I’m thinking that I just need to have a chance, I want to leave. I want to go to other places. What can I do really? I tried the first time, I succeeded. I went to Turkey, Istanbul. I stayed in Istanbul for three months. I went to Izmir… [There’s] no other way. Yes you have two choices. You go to prison or get deported. What can I do? I try […] I have no choice. I came back to Italy…What can I do? […] What can I do? I come here to Greece

The repetition of the words “what can I do?” highlights how little choice he felt he had in constructing plans for the future. His ever-changing aspirations adapt according to the conditions in which he finds himself. However, once settled in Greece and embarking on a process of physical and psychological rehabilitation, new aspirations begin to emerge. He forms new social connections with refugee communities of Athens, where seemingly overly romanticized discourses of “success” are linked to those who manage to make their way to Western Europe, the apparent metaphorical land of milk-and-honey:

There are people that go over to that place [Western Europe], get the resident permit, go to school, go to England, go to University to learn the English language, go to France, learn the French language. Go to Sweden, learn the Swedish language. These are people who succeed [our emphasis]. In England, all the people have jobs, they’re working.

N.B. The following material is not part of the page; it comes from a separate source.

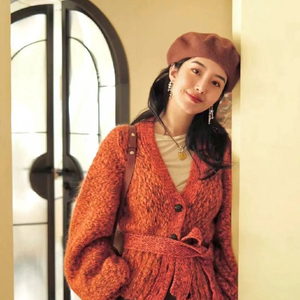 如果怕整身棕咖土橘色系显老,也可以找一个亮色单品当做点缀,略带反差的活泼色彩也很显俏皮。

Like many in his community, he feels increasing trapped in Greece. Aspirations for migration to Western Europe abound, nourished by stories of those who have already “succeeded” there:

I want to do something for my future. This is not something easy but I need, you know, more time…The Greek situation really, is not easy […] I think I want to go somewhere else, but where? I don’t know exactly …

Some people have a lot of things happening, they have many dreams, they want to study. Other people want to go to another place. For my future, I want to go somewhere. Really. Somewhere, I don’t know exactly where. There are two countries—maybe it’s Germany, maybe it’s France. I must choose between these two countries, which one is better? Can I easily get the paper [permit] to visit? Afterwards I’ll learn German or French… To the future’s future, I don’t know what is happening [laughs] I have many dreams

The frustration increases as his feeling of being trapped in Greece is strongly related to his poor medical condition limiting his mobility:

Every week I wait, you know. For example, on Monday I have an appointment, on Tuesday or Wednesday I have an appointment. Today I come, I also came on Friday, I come around two or three days a week. I talk more and more with other doctors, about surgery, about many things […] How many times, or how many days or how many months or how many hours I can wait? This is a question mark.

Thwarted both legally and medically from being able to migrate to Western Europe, he compares himself to others whom he imagines have succeeded in terms of migrating to Western Europe. There is a sense of him being stuck in Greece and loosing what Hviid (2008) has refered to as “social time”—lagging behind a culturally informed timeline dictating various milestones of social identity development such as getting married or having children:

I want to work, I can get work far away [in Western Europe], for my future. I have a lot of friends, the same generation as me. We grew up together, but those people now have families, have children, have many things. But until now I have nothing. I am thinking that I want to do something. I can get married [but here in Greece] I lose my time

During a second interview, a month later in July 2017, he describes an increasing determination to migrate to Western Europe. He doesn’t have a particular country in mind to which he aspires, but reports feeling optimistic for the future, wanting to “try” in one country and move on to “somewhere else” if it’s “not better”:

I decided for myself that I want to leave to Greece, I will go try somewhere better. It’s not something easy, for a human being, it’s not easy to decide to stay or to wait. I’ll go to that place and it's better, okay. If it's not better, I’ll go to another place [...] I’ll just go to try, I want to try. I want to fight for myself. I can do something better. Until now, the door is not closed. Until now, the time is early, not evening.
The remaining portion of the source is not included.